‘Pyongyang-bound’ Trump says world avoided ‘nuclear catastrophe’

SEOUL: Donald Trump accepted an invitation from Kim Jong Un to visit North Korea during their historic summit, Pyongyang state media reported Wednesday, as the US president said the world had jumped back from the brink of “nuclear catastrophe.”

Tuesday’s unprecedented encounter in Singapore saw the leader of the world’s most powerful democracy shake hands with Kim, the third generation scion of a dynastic dictatorship, as they stood as equals in front of their nations’ flags.

In a characteristically bullish tweet, Trump said the first-ever summit between sitting leaders of the two Cold War foes meant “the World has taken a big step back from potential Nuclear catastrophe!”

“No more rocket launches, nuclear testing or research! The hostages are back home with their families. Thank you to Chairman Kim, our day together was historic!”

In a joint statement following the talks, Kim agreed to the “complete denuclearization of the Korean Peninsula”—a stock phrase favored by Pyongyang that stopped short of long-standing US demands for North Korea to give up its atomic arsenal in a “verifiable” and “irreversible” way.

In its first report on the landmark summit, the official KCNA news agency ran a glowing dispatch on the talks, describing them as an “epoch-making meeting” that would help foster “a radical switchover in the most hostile (North Korea)-US relations.”

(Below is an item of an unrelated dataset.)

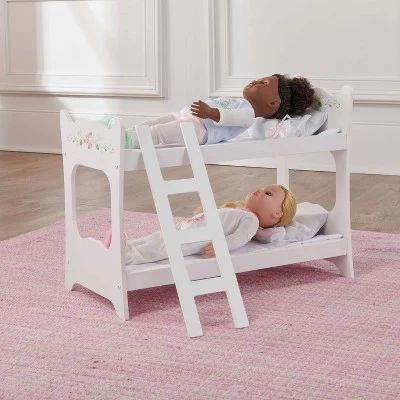 Badger Basket’s White Rose Doll Bunk Bed is perfect for sisters or sleepovers! Two dolls can slumber in comfort thanks to the two padded blankets and eight pillows. For children ages three and up and dolls up to 20 inches. Made with MDF and fabric. Wipe and spot clean as needed. Overall assembled dimensions: 22.25 inches L x 11.25 inches W x 17 inches H. Adult assembly required.

The report said the two men each asked the other to visit their country.

“The two top leaders gladly accepted each other’s invitation,” KCNA said.

It asserted that Trump had “expressed his intention” to lift sanctions against the North—something the US president had told a blockbuster press conference would happen “when we are sure that the nukes are no longer a factor.”

North Korea’s leader Kim Jong Un (left) and US President Donald Trump leave following a signing ceremony during their historic US-North Korea summit, at the Capella Hotel on Sentosa island in Singapore on June 12, 2018.  AFP PHOTO / SAUL LOEB

“The sanctions right now remain,” he added.

With the headline: “Meeting of the century opens new history in DPRK-US relations,” the North’s ruling Workers Party official daily Rodong Sinmun splashed no fewer than 33 pictures across four of its usual six pages.

One of the pictures showed a smiling Kim shaking hands with Trump’s hawkish National Security Advisor John Bolton, who has previously advocated military action against the North, which in turn has referred to him as “human scum.”

‘War games’

Pyongyang has reason to feel confident after the meeting, a major coup for an isolated and heavily sanctioned regime that has long craved international legitimacy.

“Kim Jong Un got what he wanted at the Singapore Summit: the international prestige and respect of a one-on-one meeting with the American president, the legitimacy of North Korean flags hanging next to American flags in the background,” said Paul Haenle, director of the Carnegie-Tsinghua Center.

In his post-summit press conference, Trump made the surprise announcement that the US would halt joint military exercises with its security ally Seoul — something long sought by Pyongyang, which claims the drills are a rehearsal for invasion.

The US stations around 30,000 troops in security ally South Korea to protect it from its neighbor, which invaded in 1950 in an attempt to reunify the peninsula by force.

“We will be stopping the war games which will save us a tremendous amount of money,” Trump told reporters, adding that “at some point” he wanted to withdraw US troops from the South.

Both Seoul and US military commanders in the South indicated they had no idea the announcement was coming, and in an editorial Wednesday the Korea Herald said it was “worrisome.”

Smiles and handshakes

The Singapore summit was a potentially legacy-defining meeting for both men— comparable to president Richard Nixon’s 1972 visit to China, or Ronald Reagan’s 1986 summit with Mikhail Gorbachev in Reykjavik.

Only a few months ago, the pair were swapping personal insults such as “dotard” and “little rocket man” and the North conducted its six and most powerful nuclear test, as well as firing missiles over Japan.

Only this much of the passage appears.